The Potential For Student Power.

One of the many reasons for the quickness with which the state moves to reduce the funding of its schools is an awareness of students’ passive–even ignorant–attitudes toward their collective social status as students. It is sometimes said that students cannot form a class because of the temporal nature of their situation. Students are always looking forward, identifying pro actively with what they hope to become, and as a result neglect their current status. Often, they hold no jobs, and those who do hate their jobs, dreading the wasted hours behind a cash register, for example, but seeing it as a necessary evil.

An awareness of this can guide our efforts. If students identify as future journalists, artists, teachers, researchers, etc., we should start by appealing to them as such. Show what awaits. This is not an economic conflict, where wage earners fight their bosses for better pay and better conditions. The fact that tuition may go up $600 dollars is largely met with indifference. Instead, the conflict is almost entirely social. What is needed now is to unmask the social conditions that await by revealing the obsolescence of deeply entrenched attitudes about education, attitudes that come mainly from the working class of previous generations who saw a college education as a ticket to the middle class.

How many English majors are out there, for example, with the illusion that they might one day get paid to immerse themselves in reading and writing? How many business majors are living in denial about their prospects? Even the grad student’s hope of making it into academe, to live the “Life of the Mind” is now just an hallucination. A recent article from the Chronicle of Higher Education describes one student’s struggle:

She was the best student her adviser had ever seen (or so he said); it seemed like a dream when she was admitted to a distinguished doctoral program; she worked so hard for so long; she won almost every prize; she published several essays; she became fully identified with the academic life; even distancing herself from her less educated family. For all of those reasons, she continues as an adjunct who qualifies for food stamps, increasingly isolating herself to avoid feelings of being judged. Her students have no idea that she is a prisoner of the graduate-school poverty trap. The consolations of teaching are fewer than she ever imagined.

Students in California are putting the emphasis on the fact that we’ve become “damaged goods,” thrown into a hopeless job market where delayed periods of unemployment are thought by employers to be corrupting. This is probably the right first step. Shatter the illusion. Another recent article by Don Peck in the Atlantic, “How a New Jobless Era Will Transform America,” gives an analysis of the effect recessions have on youth entering the workforce:

[A] whole generation of young adults is likely to see its life chances permanently diminished by this recession. Lisa Kahn, an economist at Yale, has studied the impact of recessions on the lifetime earnings of young workers. In one recent study, she followed the career paths of white men who graduated from college between 1979 and 1989. She found that, all else equal, for every one-percentage-point increase in the national unemployment rate, the starting income of new graduates fell by as much as 7 percent; the unluckiest graduates of the decade, who merged into the teeth of the 1981-82 recession, made roughly 25 percent less in their first year than graduates who stepped into boom times.

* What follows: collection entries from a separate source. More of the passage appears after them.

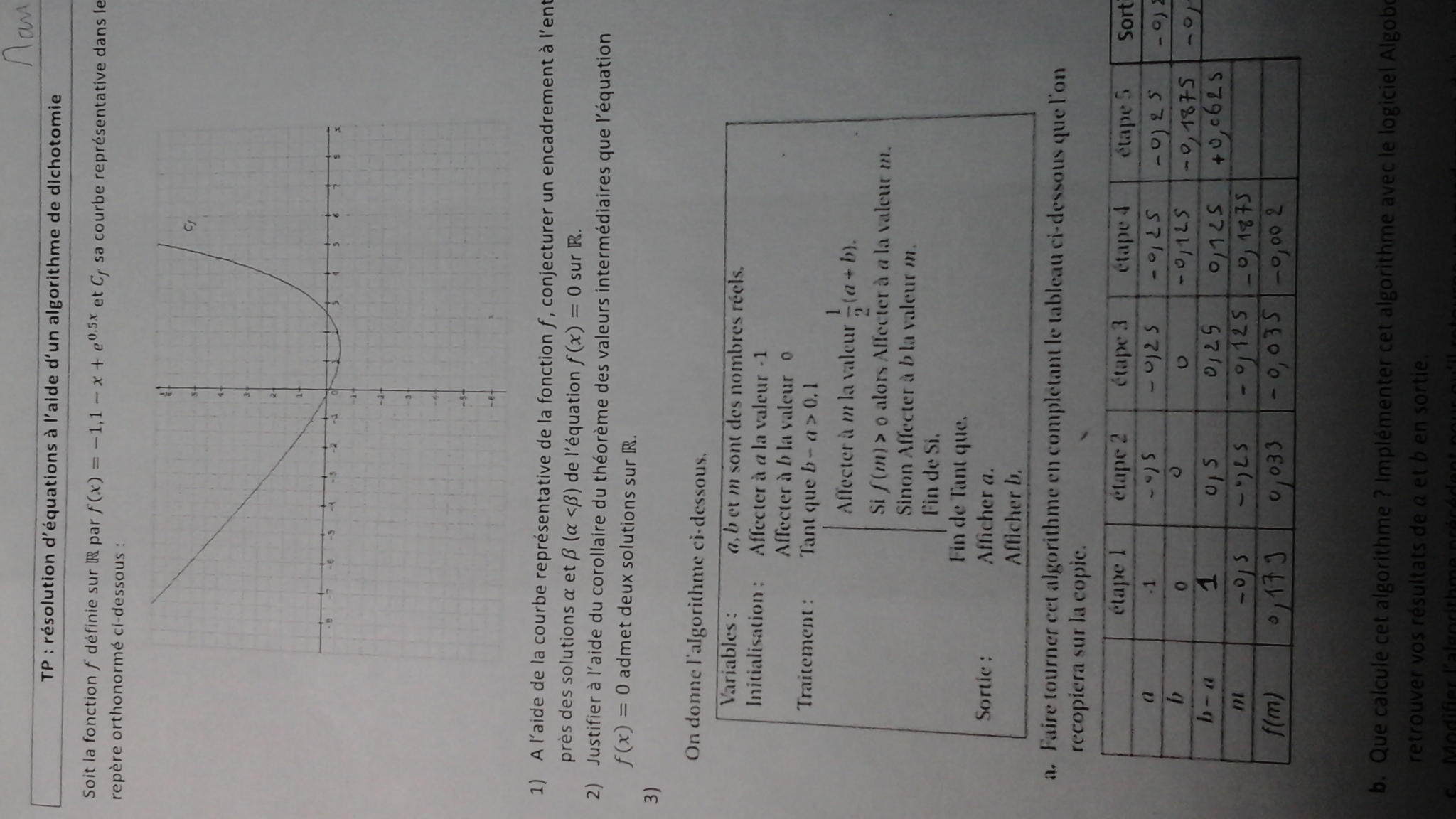Bonjour, j'ai un tp informatique à faire pour vendredi, j'ai fait toutes les questions mais il m'en reste juste une que je trouve très dure à faire, c'est la question 2, j'ai commencé par le prouver séparément sur [-1;0] puis [2;3] mais je n'arrive pas à déterminer le signe de la dérivée de f (x) où j'ai f'(x)=-1+0,5exp(0,5x), je n'arrive pas à faire le tableau de signe pouvez vous m'expliquer svp ?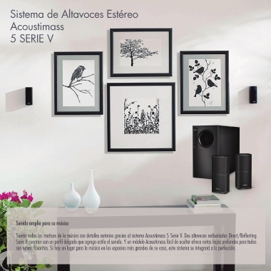 Sienta todos los matices de la música con detalles notorios gracias al sistema Acoustimass 5 Serie V. Dos altavoces rediseñados Direct/Reecting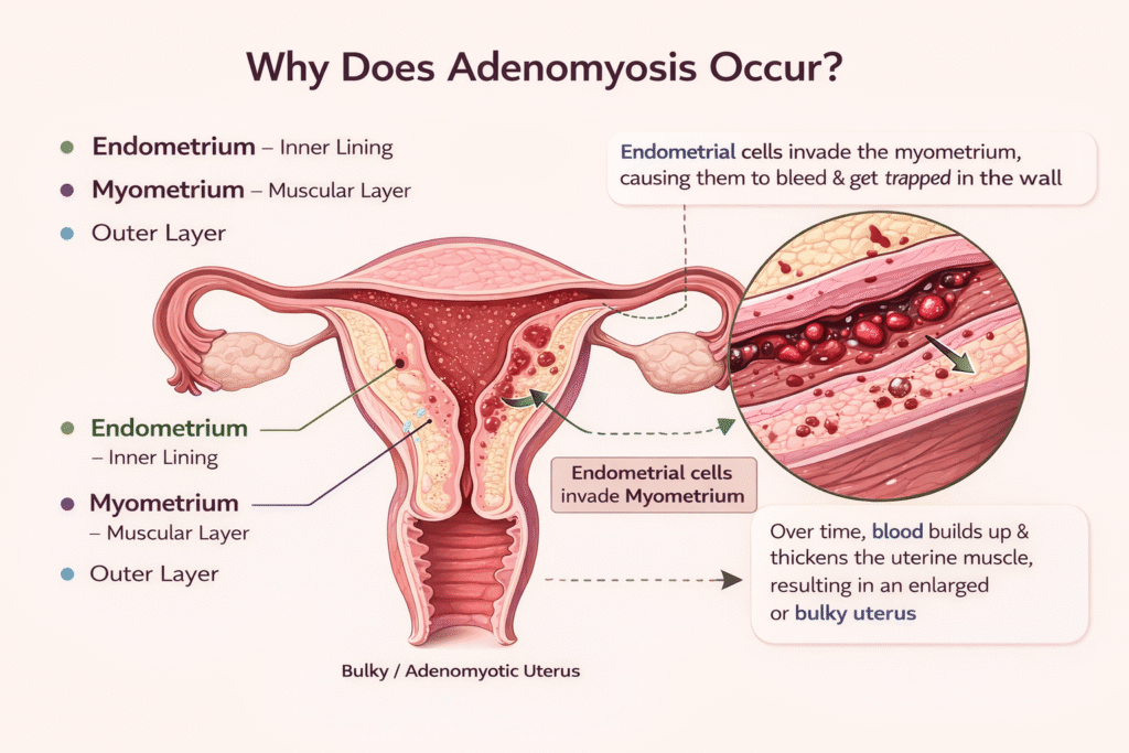 In adenomyosis, endometrial cells grow into the myometrium (muscle layer). These cells continue to behave like normal endometrial tissue, meaning they bleed every month. However, since the blood has no way to exit, it becomes trapped within the muscle layer.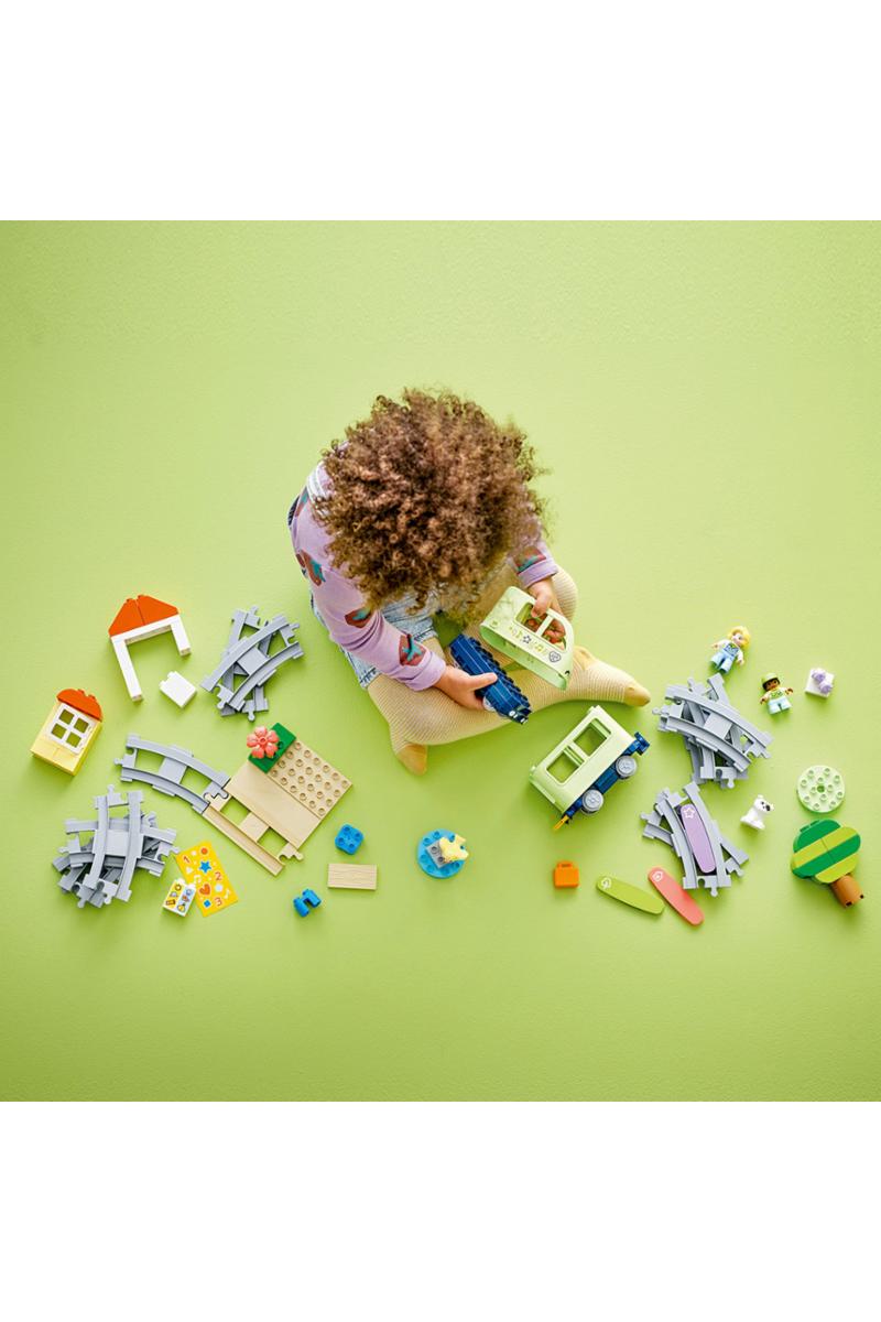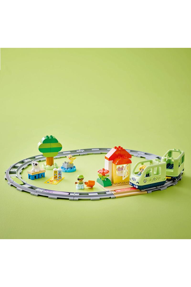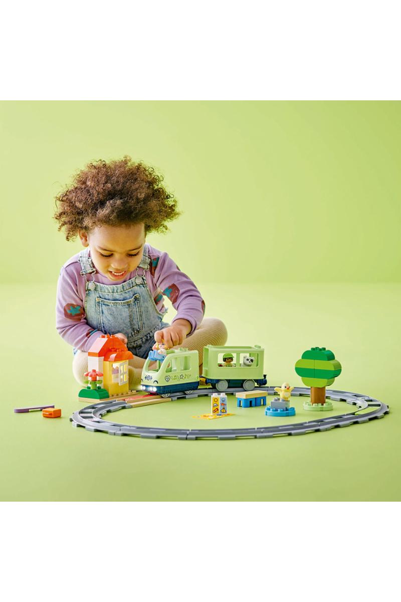 Med dette interaktive togsettet kan små barn velge reisemål for ferien sin, tilpasse skinnegangen og legge ut på spennende togturer, ledsaget av både lys og lyder. Den interaktive gratisappen LEGO® DUPLO® Interactive Trains gjør leken enda morsommere og lar barn styre toget med en bærbar elektronisk enhet. Appen inspirerer også hele familien til å skape alternative reisemålsmodeller.

But what’s truly remarkable is the persistence of the earnings gap. Five, 10, 15 years after graduation, after untold promotions and career changes spanning booms and busts, the unlucky graduates never closed the gap. Seventeen years after graduation, those who had entered the workforce during inhospitable times were still earning 10 percent less on average than those who had emerged into a more bountiful climate. When you add up all the earnings losses over the years, Kahn says, it’s as if the lucky graduates had been given a gift of about $100,000, adjusted for inflation, immediately upon graduation or, alternatively, as if the unlucky ones had been saddled with a debt of the same size.

It’s difficult–maybe impossible–to see anything promising in the present or the future. Shit is fucked up. As students from Boston have put it, “The only assurance we have in the present future is uncertainty. The uncertainty of whether we are able to complete college. The uncertainty of getting a job after graduating. The uncertainty of having enough food to feed ourselves. The uncertainty of living life. Only these uncertainties are for certain.”

But in unmasking this reality, we create new possibilities for the future. Our vacant futures can unite us. In shattering our dreams, the present conditions force us to see ourselves not pro actively, taking on the identity of what we hope to be, but actively, as what we are: students who share a common struggle.

Occupations and walk-outs become meaningless without this context. The attack on public education depends in the first place on student identity, or student consciousness. So also does the fight against it.